• Instructions to follow:
Set down, character for character, everything in the records below from the line holding "ဧရာဝတီတိုင်းဒေသကြီးအစိုးရအဖွဲ့ ဝန်ကြီးမှ သာပေါင်းမြို့နယ်" down to the line holding "Desayuno. Salida (a", and no other line.

• Records to use:
=-=-=-=-=

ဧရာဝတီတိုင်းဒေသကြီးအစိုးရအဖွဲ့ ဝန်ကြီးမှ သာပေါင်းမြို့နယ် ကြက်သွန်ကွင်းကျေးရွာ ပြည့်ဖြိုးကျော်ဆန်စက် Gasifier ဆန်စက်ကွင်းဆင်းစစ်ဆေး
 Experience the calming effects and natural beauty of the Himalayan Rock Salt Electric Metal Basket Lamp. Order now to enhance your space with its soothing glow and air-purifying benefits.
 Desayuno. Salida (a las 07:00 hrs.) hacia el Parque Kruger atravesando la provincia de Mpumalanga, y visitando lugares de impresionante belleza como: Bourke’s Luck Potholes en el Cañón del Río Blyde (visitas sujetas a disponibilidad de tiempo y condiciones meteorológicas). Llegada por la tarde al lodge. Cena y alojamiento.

=-=-=-=-=

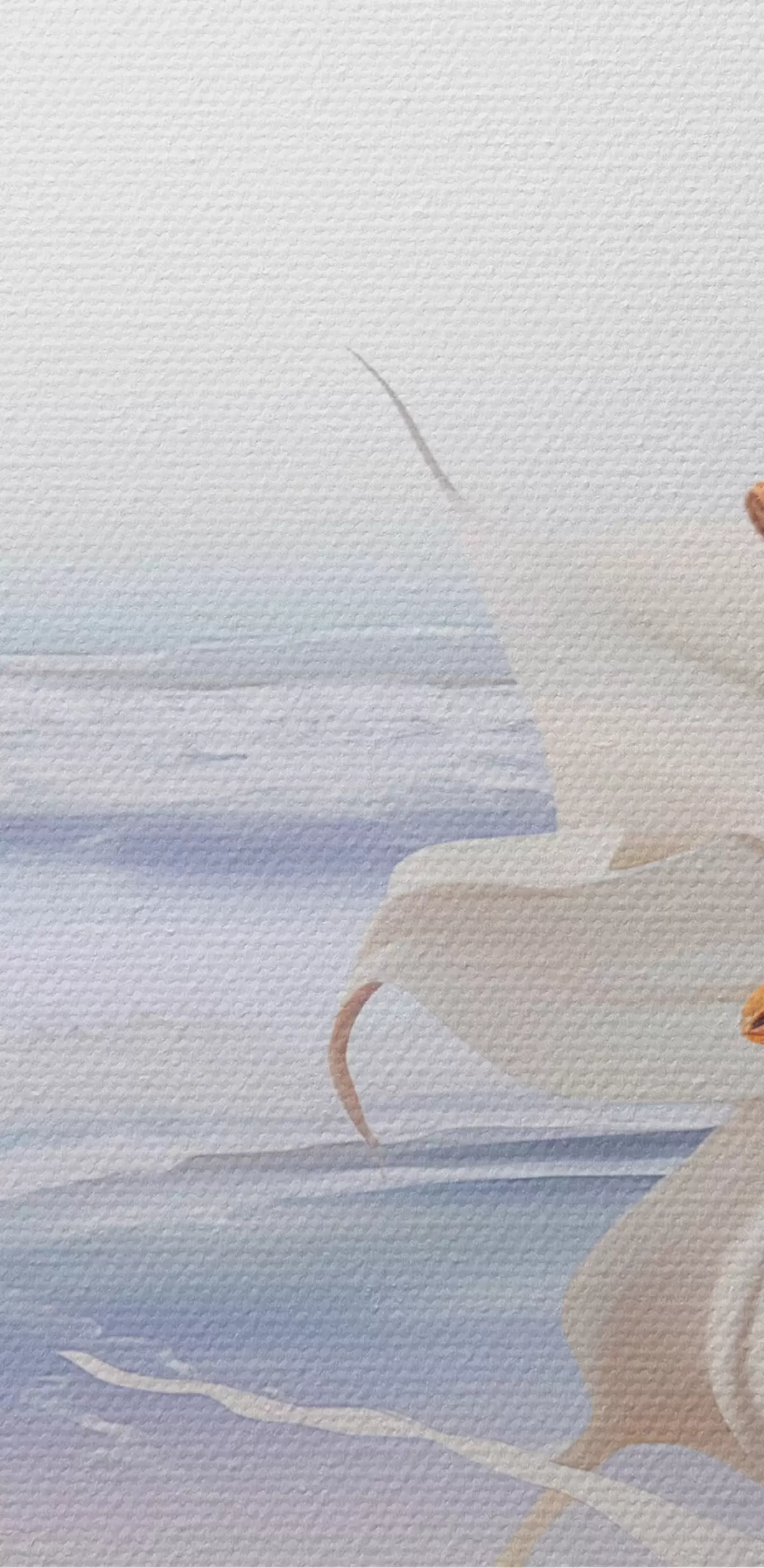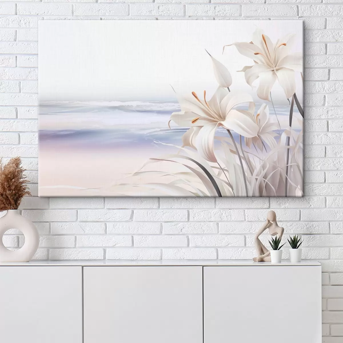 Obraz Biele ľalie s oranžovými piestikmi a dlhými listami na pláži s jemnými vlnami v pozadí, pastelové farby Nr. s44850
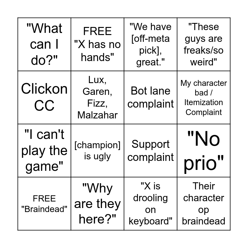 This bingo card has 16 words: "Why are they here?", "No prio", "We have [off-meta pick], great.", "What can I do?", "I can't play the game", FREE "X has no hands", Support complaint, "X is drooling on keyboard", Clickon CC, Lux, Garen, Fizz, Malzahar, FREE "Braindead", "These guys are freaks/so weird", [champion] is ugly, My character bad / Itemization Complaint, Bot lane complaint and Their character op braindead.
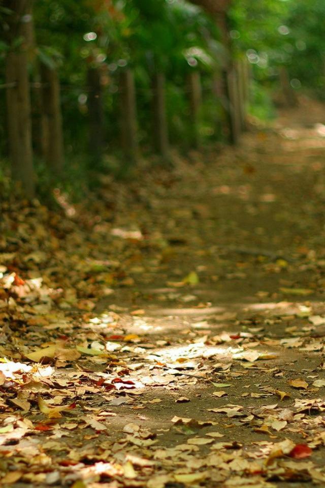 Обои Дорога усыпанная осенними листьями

=-=-=-=-=

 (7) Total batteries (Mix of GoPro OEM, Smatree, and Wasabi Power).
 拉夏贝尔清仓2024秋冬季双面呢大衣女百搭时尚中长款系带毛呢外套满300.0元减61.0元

=-=-=-=-=

• Finished task:
ဧရာဝတီတိုင်းဒေသကြီးအစိုးရအဖွဲ့ ဝန်ကြီးမှ သာပေါင်းမြို့နယ် ကြက်သွန်ကွင်းကျေးရွာ ပြည့်ဖြိုးကျော်ဆန်စက် Gasifier ဆန်စက်ကွင်းဆင်းစစ်ဆေး
 Experience the calming effects and natural beauty of the Himalayan Rock Salt Electric Metal Basket Lamp. Order now to enhance your space with its soothing glow and air-purifying benefits.
 Desayuno. Salida (a las 07:00 hrs.) hacia el Parque Kruger atravesando la provincia de Mpumalanga, y visitando lugares de impresionante belleza como: Bourke’s Luck Potholes en el Cañón del Río Blyde (visitas sujetas a disponibilidad de tiempo y condiciones meteorológicas). Llegada por la tarde al lodge. Cena y alojamiento.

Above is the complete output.